February 2016

Vol. 44, No. 1

Ronnie's Back Yard

Editor’s Note: The following article by Simon Perkins about Ronnie Donovan’s remarkable back yard appeared in Mass Audubon’s Sanctuary magazine in the fall of 2004, and is reprinted here with permission.

For years a man named Ronnie Donovan had been calling me about some of the more extraordinary birds that he’d seen in his backyard—Long-eared Owl, Blue Grosbeak, Summer Tanager, Dickcissel, Clay-colored Sparrow, Townsend’s Warbler, MacGillivray’s Warbler, Connecticut Warbler, Mourning Warbler, Hooded Warbler, Kentucky Warbler, Worm-eating Warbler, a Yellow Warbler in January (the first and still-only midwinter record for the state), and, the real jaw-dropper, a Boreal Owl, a very rare miniature visitor from the northern spruce forests of Canada.

What made the boreal owl transcendent was the fact that it was the second one Ronnie had found in less than a week. He found the first one while birding on Long Island in Boston Harbor during the No-name Storm (the “Perfect Storm”) in late October 1991. He first saw it on October 28, and he relocated it at the same daytime roost on each of the next two days. But, as though that weren’t enough, the following week he found another or the same individual in the only tree over his driveway!

Ronnie’s yard list is even more astonishing considering that virtually all these species have been seen from his kitchen window in an inner-city yard in South Boston and that the “habitat” in the yard itself contains more concrete than plants. So, what is it about Ronnie’s yard? First of all, Ronnie lives there. I’ve spent many hours trying to figure out what it is that makes a top-flight birder; and, as far as I can tell, like any vocation or avocation, it has more to do with concentration, intensity, passion, a sense of awareness, and a deep desire to learn than with physical attributes such as keen visual acuity. Ronnie probably has all of these because, wherever he is, he always finds birds, not only in his yard but also around his neighborhood. Some of Ronnie’s home turf includes Carson Beach in Southie, the harbor islands (especially Long Island), and the marshes along the Neponset River in Dorchester. His list of avian discoveries from these localities is nearly as impressive as his yard list: Bar-tailed Godwit, Yellow Rail, Mew Gull, and a pair of Manx Shearwaters apparently prospecting for nest sites within a hundred yards of Carson Beach.

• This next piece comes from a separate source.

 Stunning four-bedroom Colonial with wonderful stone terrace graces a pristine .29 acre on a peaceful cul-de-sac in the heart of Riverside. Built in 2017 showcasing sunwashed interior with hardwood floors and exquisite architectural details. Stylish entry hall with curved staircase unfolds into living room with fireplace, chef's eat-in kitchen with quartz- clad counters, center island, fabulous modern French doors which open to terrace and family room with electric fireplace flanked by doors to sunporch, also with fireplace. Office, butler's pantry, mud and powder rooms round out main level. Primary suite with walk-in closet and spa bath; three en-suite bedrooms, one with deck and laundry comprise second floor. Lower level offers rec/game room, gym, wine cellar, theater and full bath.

But, as good as Ronnie is, as the saying goes, no one can squeeze blood out of a rock. Ronnie’s yard may be mostly concrete, but it’s much more than the proverbial rock. Clearly, something or some combination of things sets his yard apart. First of all, it’s coastally located: just up the hill from Carson Beach on Boston Harbor.

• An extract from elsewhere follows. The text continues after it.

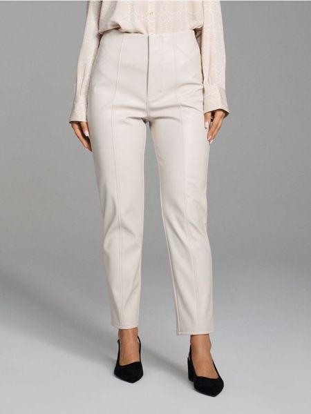 Sinsay – Spodnie z imitacji skóry – kremowy –

The ocean acts as a barrier to most land birds because, if they can, they do whatever it takes to avoid flying over open sea. Because the prevailing winds in most of the United States blow from the west, many species, especially those that migrate long distances, tend to be deflected eastward during the course of their flights, and many of those that pass through New England eventually bump up against the coast. This results in migrants becoming more concentrated along the shore than they would be farther inland.

Secondly, Ronnie’s yard backs up on a small but well-vegetated vacant lot, an exception in this highly residential neighborhood. From a bird’s perspective, a patch of green within a large expanse of buildings and pavement represents an island—an oasis in an otherwise inhospitable desert.

Thirdly, the lot is on a south-facing slope. This means that this tiny patch of green is not only protected from any cold winds that blow from the north but also angled toward the sun to receive more solar radiation. This exposure creates a relatively warm and attractive microclimate. Of course, the many pounds of birdseed that Ronnie casts into his yard play a part too, but that’s just the table setting.

There are other productive patches of habitat along the coast of Massachusetts that attract birds—for example, Plum Island in Newburyport, Eastern Point in Gloucester, Marblehead Neck in Marblehead, the Thicket in Nahant—but, per square foot, Ronnie’s yard beats them all.